A lot of that style can be attributed to Nahuelpan’s pencils, which are as sharp as ever. He adds to the superhero jail canon in a lot of ways, from the aliens in the scenes to space itself. There’s also clever layout design, like an above headshot of Lobo moving through a few rooms. There are also two exceptional double-page splashes that stretch out the moments at hand. One is Crush and Lobo talking face to face and the other is a fight between Crush and way too many enemies. The action is always big, splashy, and in your face. That style suits both characters well.
Colors by Tamra Bonvillain add a lot to every page like the grit and grime on the walls in the above preview page, or the little pieces of glass breaking away from a guard’s helmet. There’s some serious level of detailing going on in the colors well worth applause. Bonvillain consistently makes you want to go back and read the book again but only look at the colors and what kind of story they’re telling.
Letters by Ariana Maher are strong here too, with word balloons and text getting mixed up between aliens, robots, and our heroes. I highly recommend you read her interview in X-Men Monday this week to get a little more insight into her work.

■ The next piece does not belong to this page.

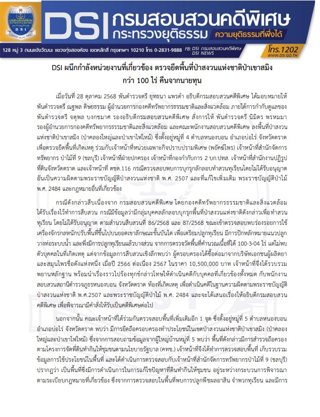 เมื่อวันที่ 28 ตุลาคม 2568 พันตำรวจตรี ยุทธนา แพรดำ อธิบดีกรมสอบสวนคดีพิเศษ ได้มอบหมายให้ พันตำรวจตรี ณฐพล ดิษยธรรม ผู้อำนวยการกองคดีทรัพยากรธรรมชาติและสิ่งแวดล้อม ภายใต้การกำกับดูแลของ พันตำรวจตรี จตุพล บงกชมาศ รองอธิบดีกรมสอบสวนคดีพิเศษ สั่งการให้ พันตำรวจตรี นิมิตร พรหมมา รองผู้อำนวยการกองคดีทรัพยากรธรรมชาติและสิ่งแวดล้อม และคณะพนักงานสอบสวนคดีพิเศษ ลงพื้นที่ป่าสงวนแห่งชาติป่าเขาสมิง (ป่าคลองใหญ่และป่าเขาไฟไหม้) ซึ่งตั้งอยู่หมู่ที่ 4 ตำบลหนองบอน อำเภอบ่อไร่ จังหวัดตราด เพื่อตรวจยึดพื้นที่เกิดเหตุ ร่วมกับเจ้าหน้าที่หน่วยเฉพาะกิจปราบปรามพิเศษ (พยัคฆ์ไพร) เจ้าหน้าที่สำนักจัดการทรัพยากร ป่าไม้ที่ 9 (ชลบุรี) เจ้าหน้าที่ฝ่ายปกครอง เจ้าหน้าที่กองกำกับการ 2 บก.ปทส. เจ้าหน้าที่สำนักงานปฏิรูปที่ดินจังหวัดตราด และเจ้าหน้าที่ ตชด.116 กรณีตรวจสอบพบการบุกรุกลักลอบทำสวนทุเรียนโดยไม่ได้รับอนุญาต อันเป็นความผิดตามพระราชบัญญัติป่าสงวนแห่งชาติ พ.ศ. 2507 และที่แก้ไขเพิ่มเติม พระราชบัญญัติป่าไม้ พ.ศ. 2484 และกฎหมายอื่นที่เกี่ยวข้อง

Aside from the flashback, this issue is rather short on plot progression. It’s basically a ten-minute scene in a larger story. It accomplishes a lot in what it’s trying to do, but it does feel decompressed in what’s here.
Crush and Lobo #3 continues the series trend of being the sharpest looking superhero book on the stands with even more attitude. Both characters are intriguing in their own right, but Tamaki continues to flesh them out in interesting if subtle ways. Paired with Nahuelpan’s incredibly detailed line work and in-your-face action, it’s a match made in heaven.